More recent investigations of SMI use an objective parameter, called the vascular index, to estimate the degree of vascularity. The vascular index (%) indicates the ratio of the number of pixels used to depict the Doppler signal to that used for the total lesion, and it can be automatically measured using built-in packages for analysis or offline analysis software (Fig. 2) [4]. Recent studies have reported that malignant breast tumors have a higher vascular index than benign tumors [12, 13, 14]. Park et al. [12] reported that the vascular index, with a cut-off value of 8.9%, yielded the highest accuracy for differentiating malignant from benign masses among various 2–5 vascular parameters of SMI and CEUS (76.5%), and this could reduce 26 unnecessary biopsies out of 38 needed for category 4A masses. Zhang et al. [13] measured the vascular index of breast tumors using a 3-dimensional SMI image, and a cut-off value of 4.0% showed a sensitivity of 76%, a specificity of 66%, and an accuracy of 71%. Chae et al. [14] reported that the use of the vascular index with a cut-off value of 3.0% improved the diagnostic performance of B-mode US alone (AUC, 0.853–0.912 vs. 0.795–0.824).

However, investigations on microvascular US imaging without contrast agents are limited to a few US equipment, and the diagnostic criteria or the cut-off values of the vascular index for discriminating breast cancer from benign tumors vary among studies. Further large-scale studies with various microvascular US techniques are expected to establish clinically useful vascular criteria for breast cancer diagnosis.

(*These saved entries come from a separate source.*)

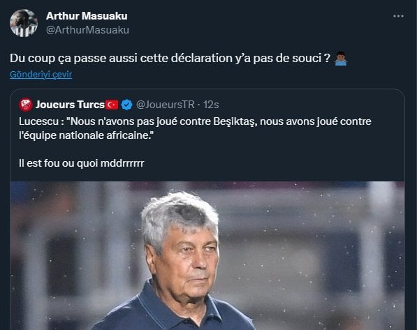 Mircea Lucescu, Beşiktaş karşısında alınan sonucun ardından oldukça tartışılacak ifadeler kullandı. Beşiktaş'ın kadrosundaki Afrikalı oyunculara dair söylemleriyle eleştiri alan Lucescu'ya, ilk tepki siyah beyazlı futbolcu Masuaku'dan geldi.
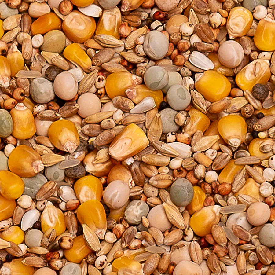 | Samenstelling | Cribbs maïs – tarwe – gele erwten – groene erwten – cardy – merano mais – erwten maple peas – Plata mais – witte dari – sorgho rood – peenerwten – erwten dunpeas – kleine gele erwten – vitsen/wikken |
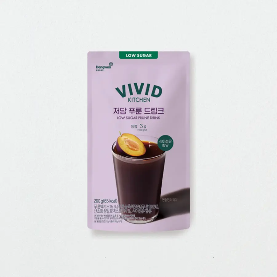 ‘비비드키친 저당 푸룬 드링크’는 푸룬엑기스가 함유된 과채 음료로, 장 건강과 식단 관리를 동시에 챙길 수 있는 제품이다. 한 팩(200g)의 당류와 칼로리가 각각 6g, 65kcal에 불과하며, 이는 동일 식품 유형 대비 20~30% 수준이다. 대체당을 활용해 당과 칼로리를 낮췄지만 푸룬의 부드럽고 새콤달콤한 맛은 그대로 구현한 점이 특징이다.
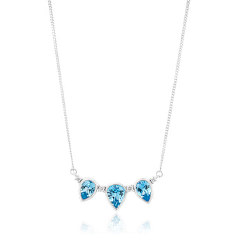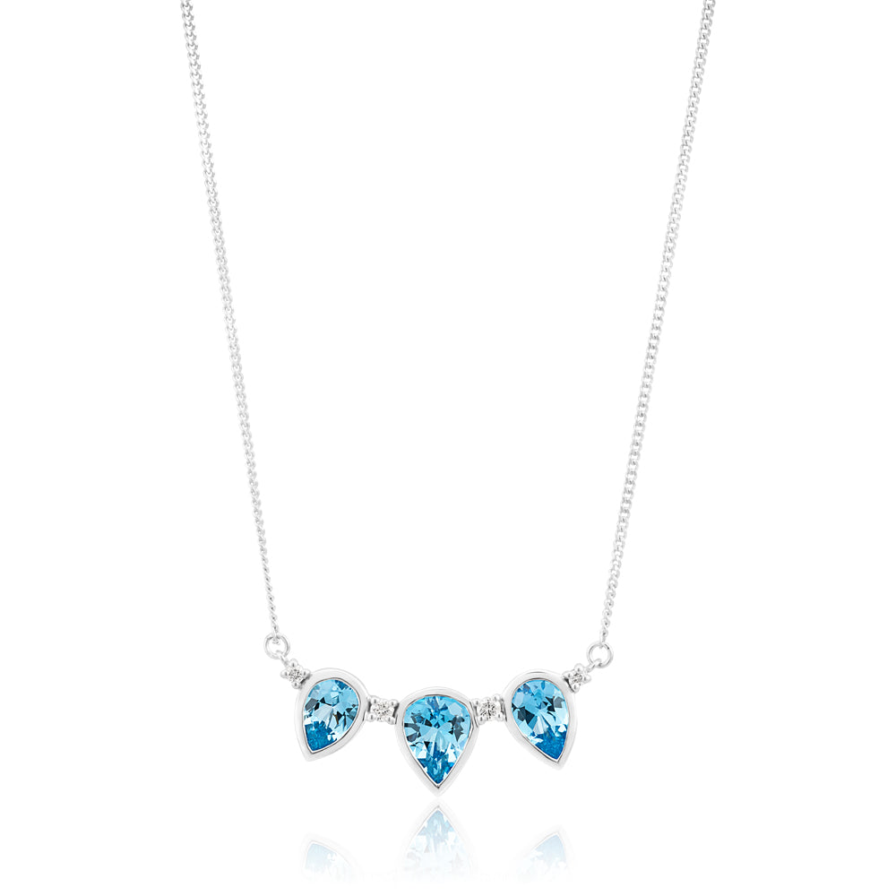 9ct White Gold Light Swiss Blue Topaz Teardrop Trio and Diamond Set Chain 40cm
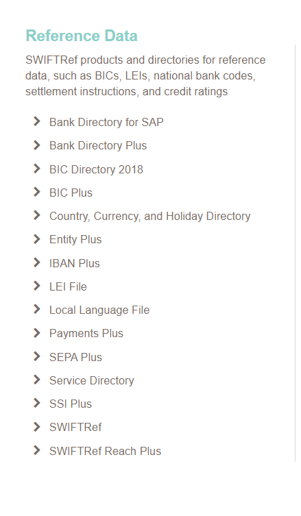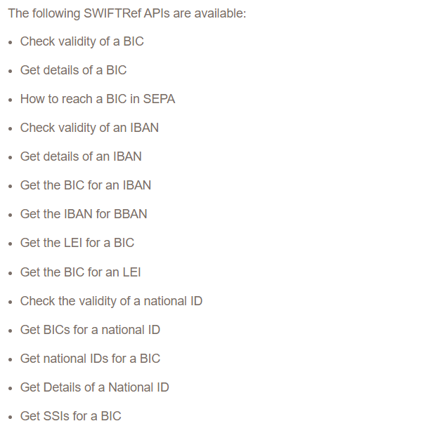 SWIFTRef is SWIFT’s unique reference data and financial information utility. Sourced from authorised data owners, SWIFTRef includes the most accurate reference data covering BIC, LEI, IBAN validation, national bank codes, standing settlement instructions, credit ratings and financial information.
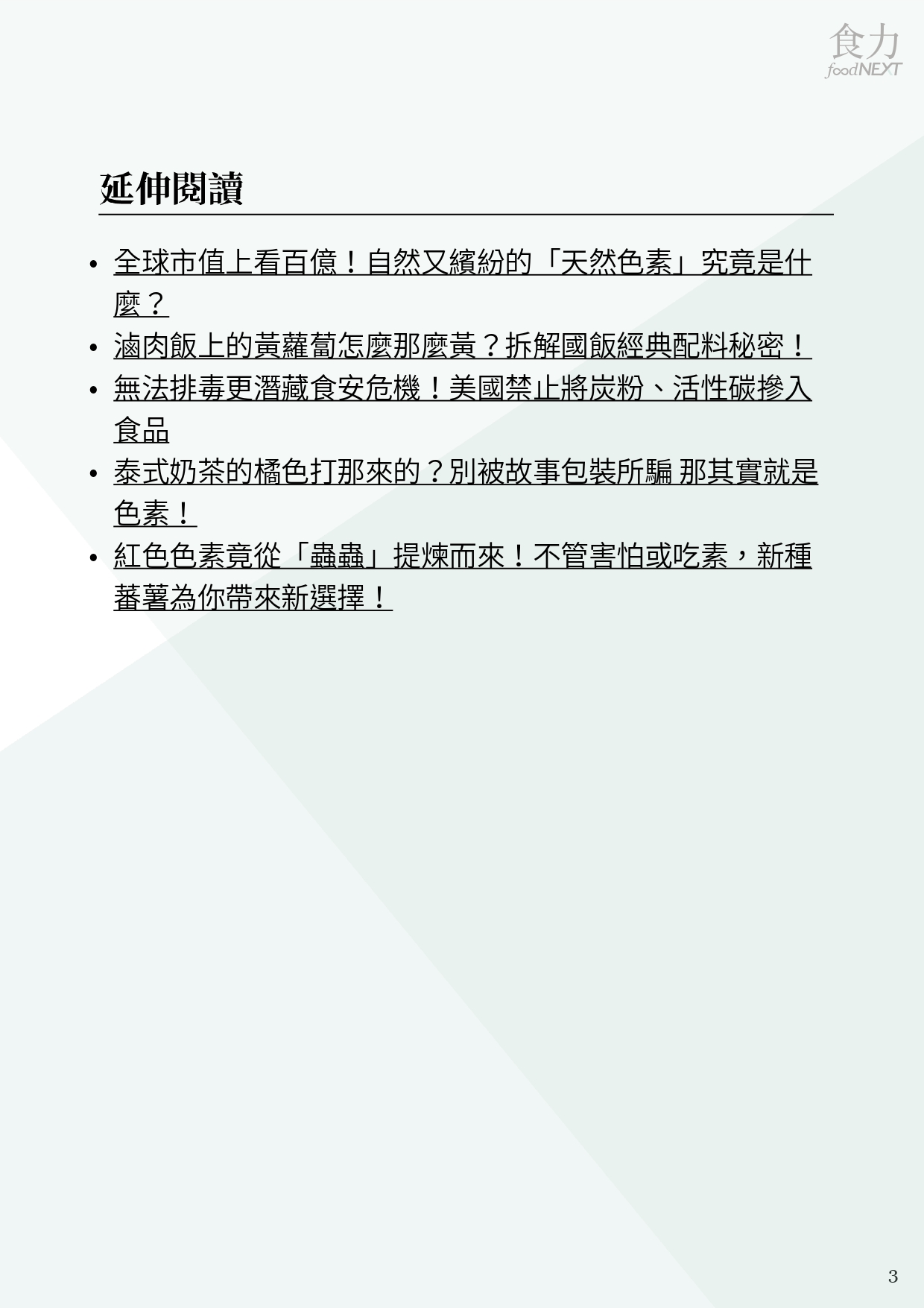 回列表 【電子雜誌】過動、致癌,都是色素的錯? 如果馬卡龍或棒棒糖失去了繽紛的色彩,你還會買單嗎?「色素」賦予食品美麗的色澤,進一步刺激了食慾與購買慾。但是你是否也擔心色素不健康,可能會引發過動症、甚至致癌?!事實上,色素真的如此不堪嗎?如果真的有問題,為什麼還被允許使用呢?就讓《食力》為你揭開色素的真面目。 需要10學分 我要兌換下載
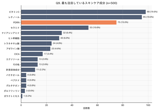 最も注目しているスキンケア成分を単一回答で聞いたところ、1位はビタミンC(17.4%)、2位レチノール(14.2%)、3位セラミド(10.4%)。PDRNは第4位(9.8%)に入り、全17成分の中で既に一定の注目度を獲得しています。
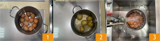 Peel the eggs 4 and collect them in a baking dish as you go 5. As soon as the potatoes are cooked, let them cool and peel them. When the eggs are also cool, cut off the top (about a quarter of the egg) 6 to create the container and the lid.
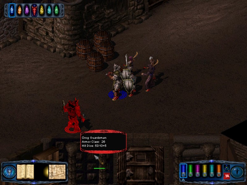 Exit this room using the south door. You will have to fight 2 orog hunters, 2 guardsmen, 2 orogs and a veteran. This group drops some gold.
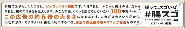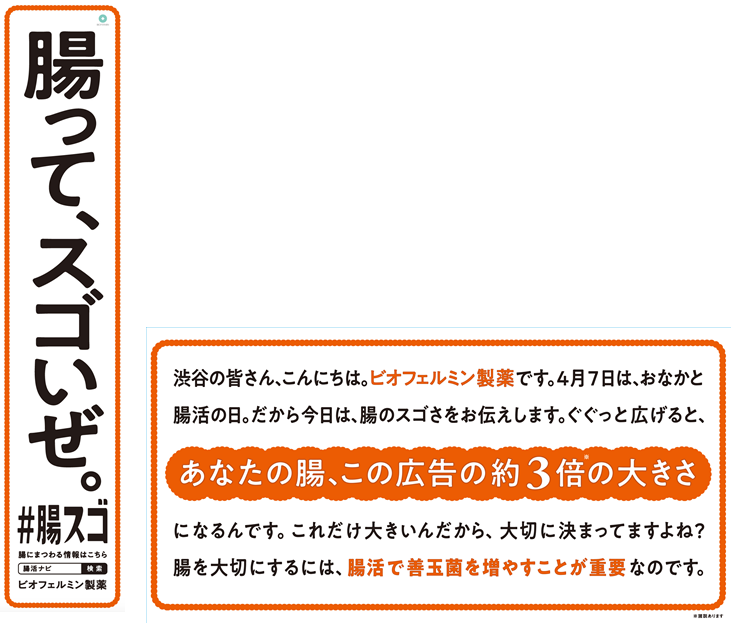 - 「おなかと腸活の日」にちなみ、渋谷・新宿・梅田に巨大看板広告が登場!
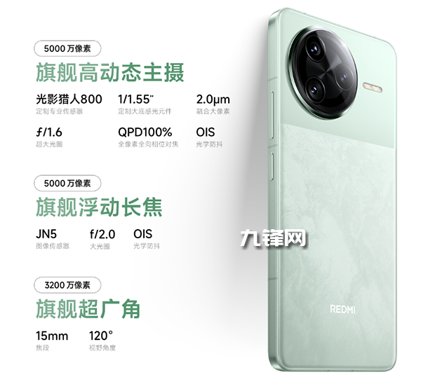 主攝像頭:5000萬像素,光影獵人800傳感器,1/1.55英寸,OIS光學(xué)防抖,F(xiàn)1.6光圈,等效焦距24mm,4in1 2.0μm融合像素,6P鏡頭
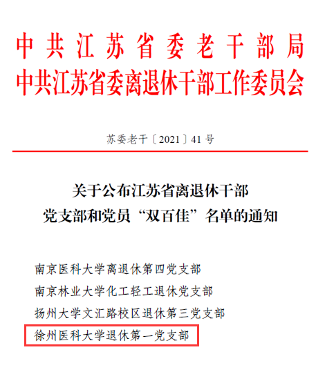 近日,捕鱼达人 离退休党委退休第一党支部被江苏省委老干部局、江苏省委离退休干部工委授予“江苏省百佳离退休干部党支部”荣誉称号。
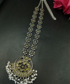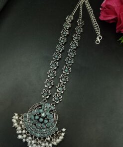 This elegant stone and pearl necklace also makes a thoughtful gifting option for birthdays, anniversaries, festivals, or special occasions. Its classic design and premium finish make it a meaningful gift for women and girls who love traditional and oxidized jewelry. Easy to maintain and timeless in appeal, this necklace remains a staple accessory season after season.
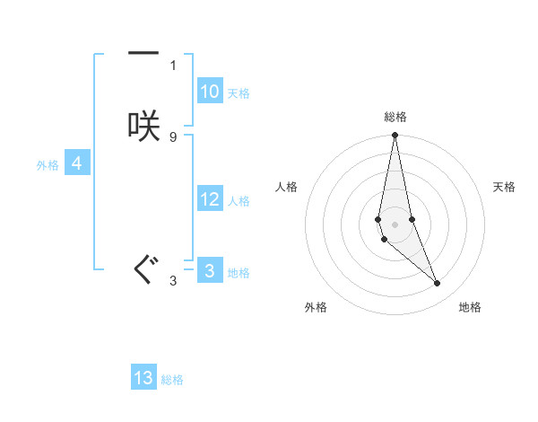 一咲 ぐさんを姓名の画数から五運を鑑定
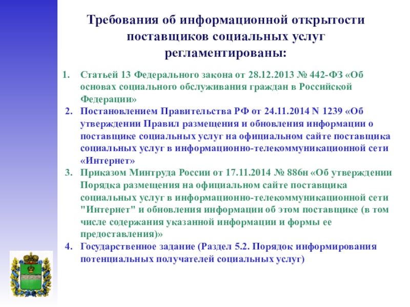 Слайд 23Требования об информационной открытости поставщиков социальных услуг регламентированы:
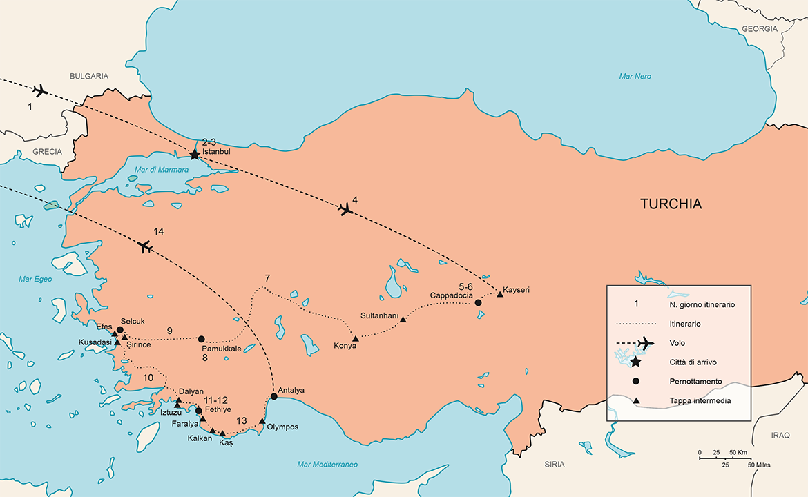 Completo viaggio in Turchia che vi permetterà di scoprire il meglio di questa terra a cavallo tra Europa ed Asia. Poche ore di volo ed è subito amore a prima vista: cupole e minareti, ponti ed arcate, pescatori e mercanti. Lei, l’antica capitale di tre imperi, si chiama Istanbul, siamo certi che vi lascerà senza fiato. Dallo stupore dell’antica Costantinopoli alla magia della Cappadocia: alternando formazioni laviche a città sotterranee, canyon a rupi stravaganti, vi sembrerà di fare una comparsa in una fiaba, ma quando osserverete il paesaggio dall’alto della mongolfiera realizzerete di esserne i protagonisti. Macinando chilometri, avrete l’opportunità di frammezzare località incredibili, come Pamukkale, piattaforme di calcite di un bianco accecante da cui sarà romantico osservare il tramonto, ed Efeso, il sito archeologico meglio conservato d’Europa, nonché elencato tra le sette meraviglie del mondo antico. La seconda parte di questo viaggio in Turchia on the road sarà dedicata al relax: seguendo la costa frastagliata del Mar Egeo, raggiungerete Fethiye, tra baie tranquille baciate da acque turchesi, per dedicarvi al dolce far nulla. La Turchia è un sorprendente mix di archeologia e natura, questo itinerario ne è la testimonianza.
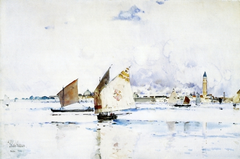 Nous vous proposons une reproduction artisanale sur toile du célèbre tableau 'Venise' de Childe Hassam, provenant du Musée de la Reproduction.
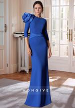 Royal Blue Shoulder Flower Formal Sheath Floor-Length Satin 3/4 Sleeve Mother of the Bride Dress
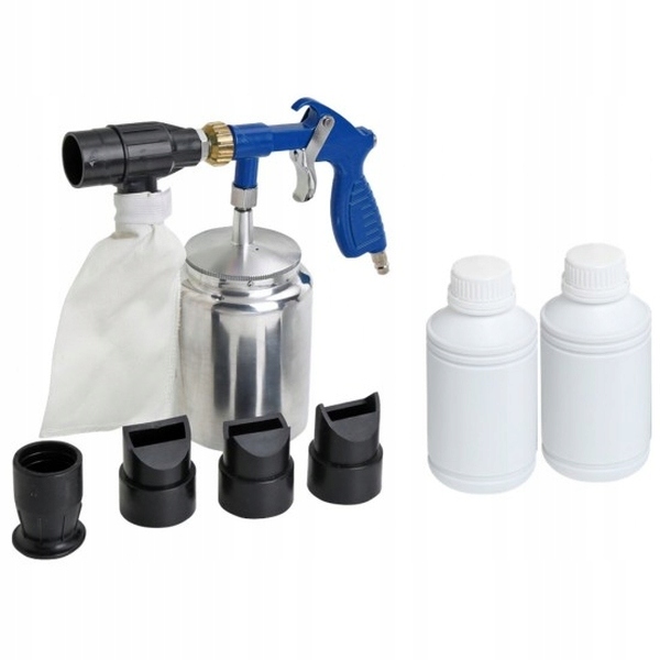 ПРЕДНАЗНАЧЕН ДЛЯ РАБОТЫ С БОЛЬШИНСТВОМ АБРАЗИВОВ ДИАМЕТРОМ ДО 1,4 ММ. БЛАГОДАРЯ ЧЕТЫРЕМ РАЗЛИЧНЫМ НАСАДКАМ МЫ МОЖЕМ РЕГУЛИРОВАТЬ ФОРМУ ПОТОКА. ВОЗМОЖНО ВОССТАНОВИТЬ АБРАЗИВНЫЙ МАТЕРИАЛ ПРИ ПРИЖИМЕ ГОЛОВКИ ПИСТОЛЕТА К ПЕСКОСТРОЙНОМУ ЭЛЕМЕНТУ. ОН СОБРАН В СУМКУ ДЛЯ МАТЕРИАЛА. ТАКЖЕ В КОМПЛЕКТ ВХОДИТ АБРАЗИВ: КОРУНД 850Г РАСХОД ВОЗДУХА: 200 Л/МИН. РАБОЧЕЕ ДАВЛЕНИЕ: 3,5 - 5 БАР ПОДКЛЮЧЕНИЕ ВОЗДУХА: 1/4" ВМЕСТИМОСТЬ БАКА ДЛЯ АБРАЗИВА: 1 КГ
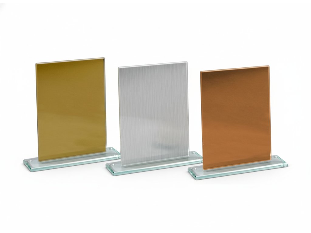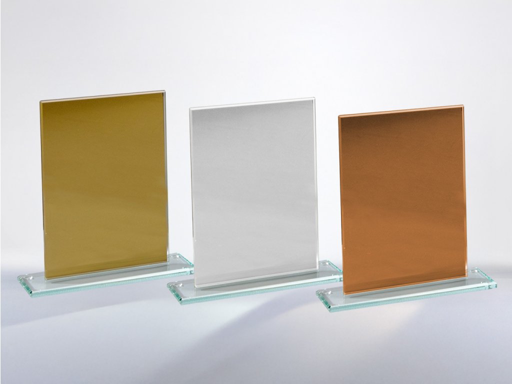 Stílusos üveg trófea tükrözött arany, ezüst és bronz háttérrel, az üvegre történő gravírozás lehetőségével. Az üveg kialakítás ideális választás különféle társadalmi eseményekhez, különleges sporteseményekhez stb.
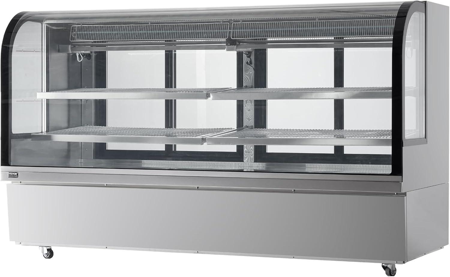 Quick Cooling: The refrigerated display case features a Turbo fan cooling system, capable of rapidly cooling down to the set temperature (temperature range: 35.6-42.8°F / 2-6°C) and maintaining the internal temperature within the designated range. It is energy-efficient, consuming as low as 3.78 kW.h/24h, ensuring your food stays in optimal condition.
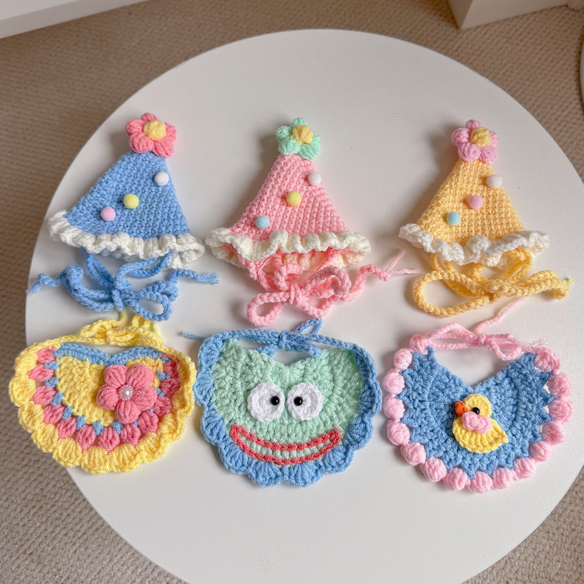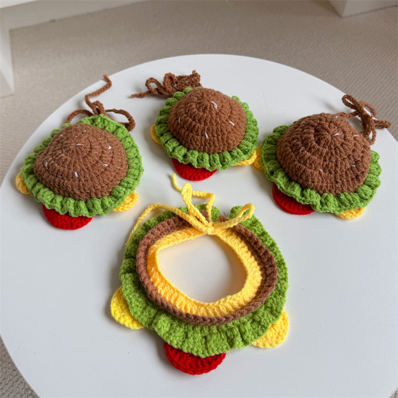 猫ウールスカーフ、ニット首輪、唾液タオル、よだれかけ、犬人形、ハンバーガー帽子よだれかけ

Correlation between US Features and Histologic Features

Microvessel density (MVD) assessment is the gold standard for quantifying intratumoral angiogenesis using immunohistochemical staining of blood vessels [2]. High MVD in breast cancer suggests poor relapse-free and overall survival [2]. Several researchers have attempted to verify the predictive value of microvascular imaging features of breast tumors for the degree of histologic MVD (Figs. 3, 4)[12, 15, 24]. In SMI studies, the semi-quantitative grade of the vascular amount or vascular index (%) was significantly correlated with MVD (Spearman's rank correlation coefficient [r] = 0.63–0.82) [12, 24]. In a similar study using AngioPLUS, the combination of the internal and peripheral vascular distributions was significantly associated with a higher MVD than no vessel or internal vascular distribution [15].

Fig. 3
Microvascular US imaging of a breast cancer with histologic MVD assessment.
A. A B-mode US image shows a non-parallel irregular indistinct hypoechoic mass that is surgically-proven as an invasive ductal carcinoma. B. A color SMI image with vascular index measurement shows multiple irregular vessels in the mass and an increased vascular index (20.8%). C. A CEUS image with time-intensity curve analysis shows hyperenhancement of the mass and a rapid and strong enhancement (high peak intensity, slope, and area under the curve), when the ROI (pink circle) is set within the area with the strongest enhancement. D. Histologic MVD assessment using immunohistochemical staining of microvessels (arrowheads) with a CD34 antibody shows a high MVD, 45 (× 200 magnification). CEUS = contrast-enhanced ultrasound, MVD = microvessel density, ROI = region of interest, SMI = superb microvascular imaging, US = ultrasound

Fig. 4
Microvascular US imaging of a benign tumor with histologic MVD assessment.
A. A B-mode US image shows an oval circumscribed hypoechoic mass that is biopsy-proven as a fibroadenoma. B. A color SMI image with vascular index assessment shows a few peripheral dot-like vessels in the mass and a low vascular index (6.0%). C. A CEUS image with time-intensity curve analysis shows hyperenhancement of the mass, but a slow and weak enhancement (low peak intensity, slope, and area under the curve) when the ROI (pink circle) is set within the area with the strongest enhancement. D. Histologic MVD assessment using immunohistochemical staining of microvessels (arrowheads) with a CD34 antibody shows a low MVD, 22 (× 200 magnification). CEUS = contrast-enhanced ultrasound, MVD = microvessel density, ROI = region of interest, SMI = superb microvascular imaging, US = ultrasound

In addition to MVD evaluation, microvascular US features of breast cancer were associated with the histologic findings predictive of tumor aggressiveness. Son et al. [32] found that malignant vascular signs on AngioPLUS, such as hypervascularity with radial orientation and a central or penetrating distribution, were significantly associated with histologic tumor size and human epidermal growth factor receptor 2 (HER2) positivity.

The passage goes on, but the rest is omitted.